Not everything is so obvious. It could be a hardware issue on your end, or something else software-wise they aren't subject to.
And yes, bugs are meant for everything that's a bug. The price of free software is that we do more testing on our own and report the results. They won't fix issues they don't know are issues in the first place.
Such a software package exists. It's called ABRT. I don't know what distro you use, but perhaps it's time you switched to Fedora. ABRT rocks. It does all the work. I've only had to file one manual bug report since ABRT "took over".
Last edited by halfmanhalfamazing; 10-03-2012 at 12:27 PM.
Damn I thought those seconds for grub to display was by design...Now I realize they just suck and haven't fixed this in a really long time.(I don't boot that often so I don't really care about this issue).
...why boot speed is so important for some people?
I think that man power should go to suspend 2 disk instead.
If hibernation works for you, you can have an instant boot, really, a matter of 2 or 3 seconds, by reducing the maximum image size.
That way you'll have a system as just booted.
Or, if you choose to have a larger image and can wait 20 seconds for the system to boot, you'll have an incredibly responsive system too.

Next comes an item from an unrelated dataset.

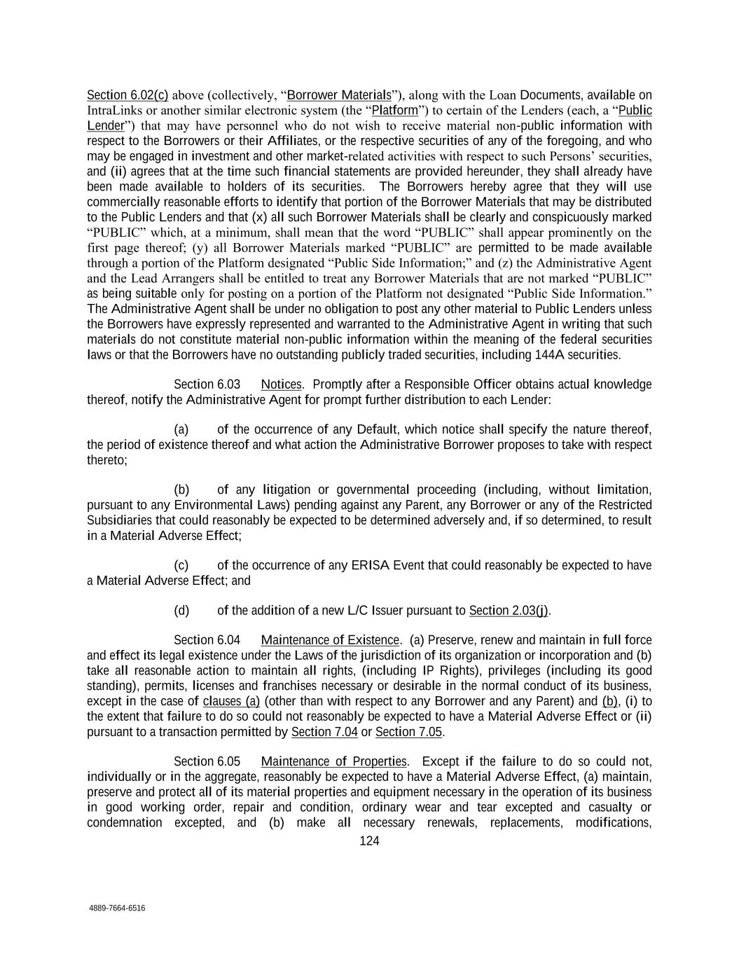 124 4889-7664-6516 Section 6.02(c) above (collectively, “Borrower Materials”), along with the Loan Documents, available on IntraLinks or another similar electronic system (the “Platform”) to certain of the Lenders (each, a “Public Lender”) that may have personnel who do not wish to receive material non-public information with respect to the Borrowers or their Affiliates, or the respective securities of any of the foregoing, and who may be engaged in investment and other market-related activities with respect to such Persons’ securities, and (ii) agrees that at the time such financial statements are provided hereunder, they shall already have been made available to holders of its securities. The Borrowers hereby agree that they will use commercially reasonable efforts to identify that portion of the Borrower Materials that may be distributed to the Public Lenders and that (x) all such Borrower Materials shall be clearly and conspicuously marked “PUBLIC” which, at a minimum, shall mean that the word “PUBLIC” shall appear prominently on the first page thereof; (y) all Borrower Materials marked “PUBLIC” are permitted to be made available through a portion of the Platform designated “Public Side Information;” and (z) the Administrative Agent and the Lead Arrangers shall be entitled to treat any Borrower Materials that are not marked “PUBLIC” as being suitable only for posting on a portion of the Platform not designated “Public Side Information.” The Administrative Agent shall be under no obligation to post any other material to Public Lenders unless the Borrowers have expressly represented and warranted to the Administrative Agent in writing that such materials do not constitute material non-public information within the meaning of the federal securities laws or that the Borrowers have no outstanding publicly traded securities, including 144A securities. Section 6.03 Notices. Promptly after a Responsible Officer obtains actual knowledge thereof, notify the Administrative Agent for prompt further distribution to each Lender: (a) of the occurrence of any Default, which notice shall specify the nature thereof, the period of existence thereof and what action the Administrative Borrower proposes to take with respect thereto; (b) of any litigation or governmental proceeding (including, without limitation, pursuant to any Environmental Laws) pending against any Parent, any Borrower or any of the Restricted Subsidiaries that could reasonably be expected to be determined adversely and, if so determined, to result in a Material Adverse Effect; (c) of the occurrence of any ERISA Event that could reasonably be expected to have a Material Adverse Effect; and (d) of the addition of a new L/C Issuer pursuant to Section 2.03(j). Section 6.04 Maintenance of Existence. (a) Preserve, renew and maintain in full force and effect its legal existence under the Laws of the jurisdiction of its organization or incorporation and (b) take all reasonable action to maintain all rights, (including IP Rights), privileges (including its good standing), permits, licenses and franchises necessary or desirable in the normal conduct of its business, except in the case of clauses (a) (other than with respect to any Borrower and any Parent) and (b), (i) to the extent that failure to do so could not reasonably be expected to have a Material Adverse Effect or (ii) pursuant to a transaction permitted by Section 7.04 or Section 7.05. Section 6.05 Maintenance of Properties. Except if the failure to do so could not, individually or in the aggregate, reasonably be expected to have a Material Adverse Effect, (a) maintain, preserve and protect all of its material properties and equipment necessary in the operation of its business in good working order, repair and condition, ordinary wear and tear excepted and casualty or condemnation excepted, and (b) make all necessary renewals, replacements, modifications,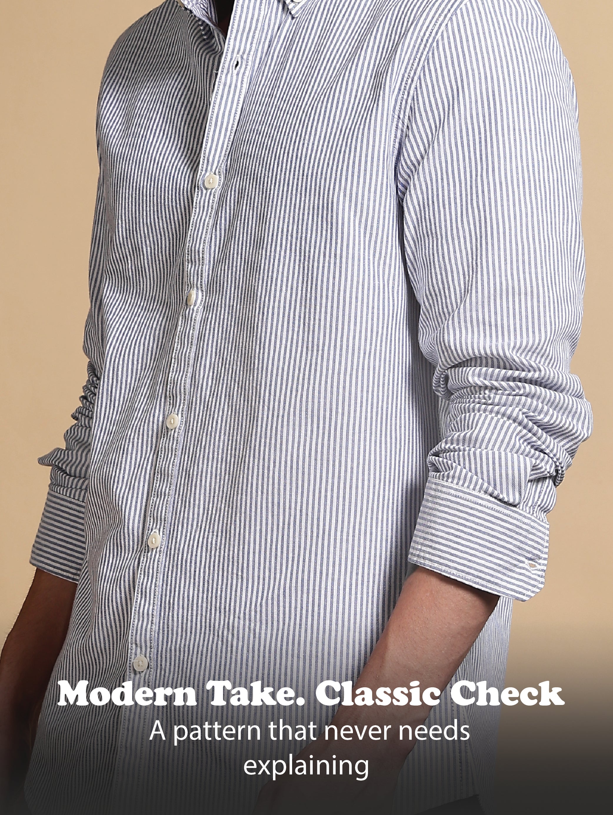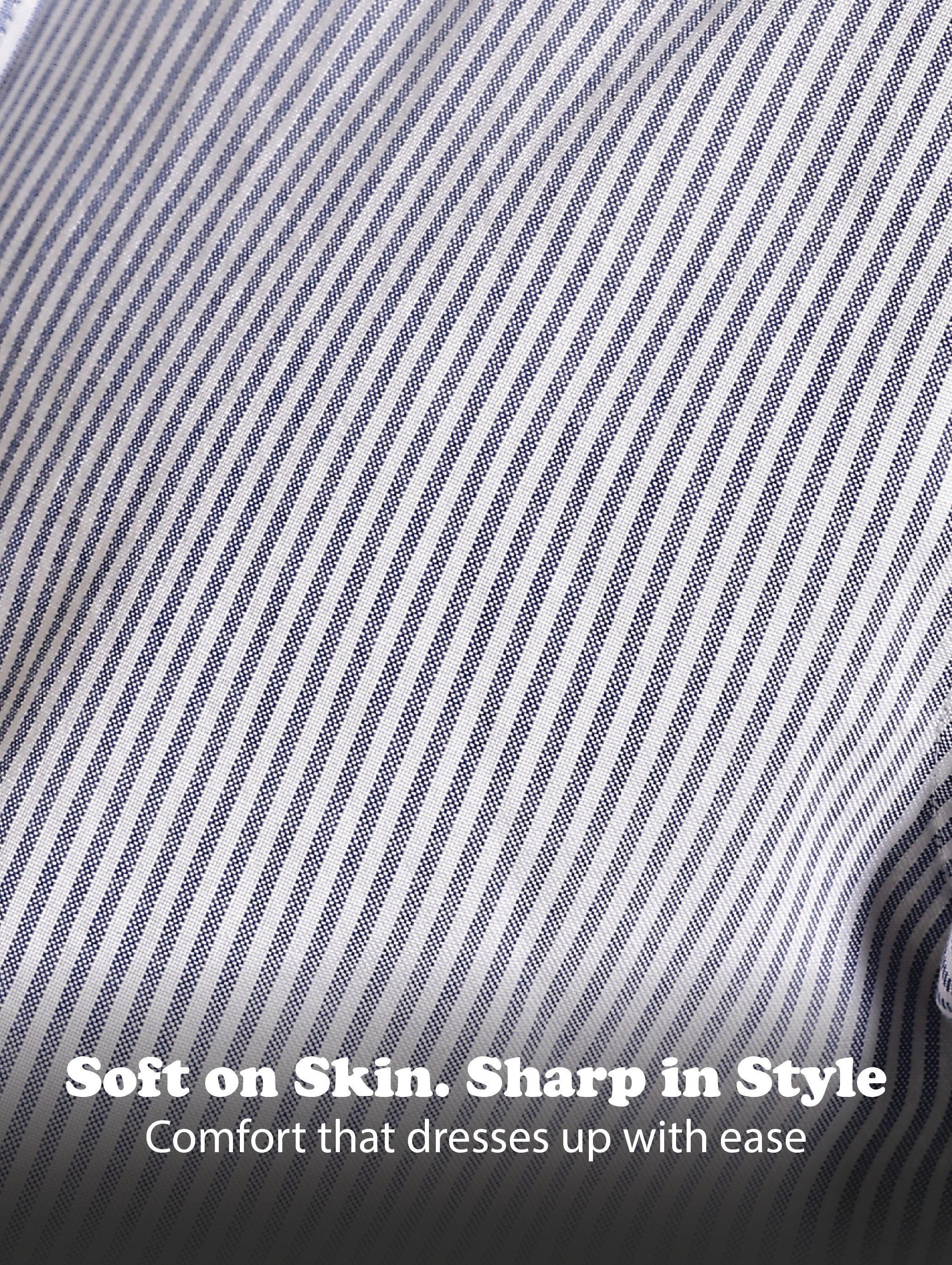 Elevate your everyday style with this slim-fit shirt, crafted from premium 100% cotton oxford fabric. The subtle vertical stripes add a refined touch, giving you the perfect balance of casual ease and polished appeal. Designed without pockets for a clean silhouette, it features full sleeves and a classic collar for versatile styling.

But we need hibernation to work on every system, right now i'd say a good 10% isn't covered
On your ubuntu system, lauch this and fill the form with the requested details: ubuntu-bug grub2
If you ever want to report against a graphical program, "ubuntu-bug -w" and then click on the window of that program or "ubuntu-bug $PID" with $PID being the process ID of a running program.
This is so complicated that a 2 years old kid could to it. Now what new excuse do you have?
[QUOTE=kokoko3k;289432]...why boot speed is so important for some people? (...)/QUOTE]
The jump from 7 to 9 seconds is significant, at least on an SSD. Because the machine was an x8 core machine (8 integer cores at least, which matter on boot) is the best case scenario. Windows 7 seems to boot into 18-20 seconds on another SSD (and the same Bulldozer CPU).
Also Windows 8, seems to boot as fast as the latest Ubuntu, even with a lower end CPU.
So at the end is all about impression: an OS that works is always better than the one that doesn't, but the one that works, is always better if it finish to boot shorter.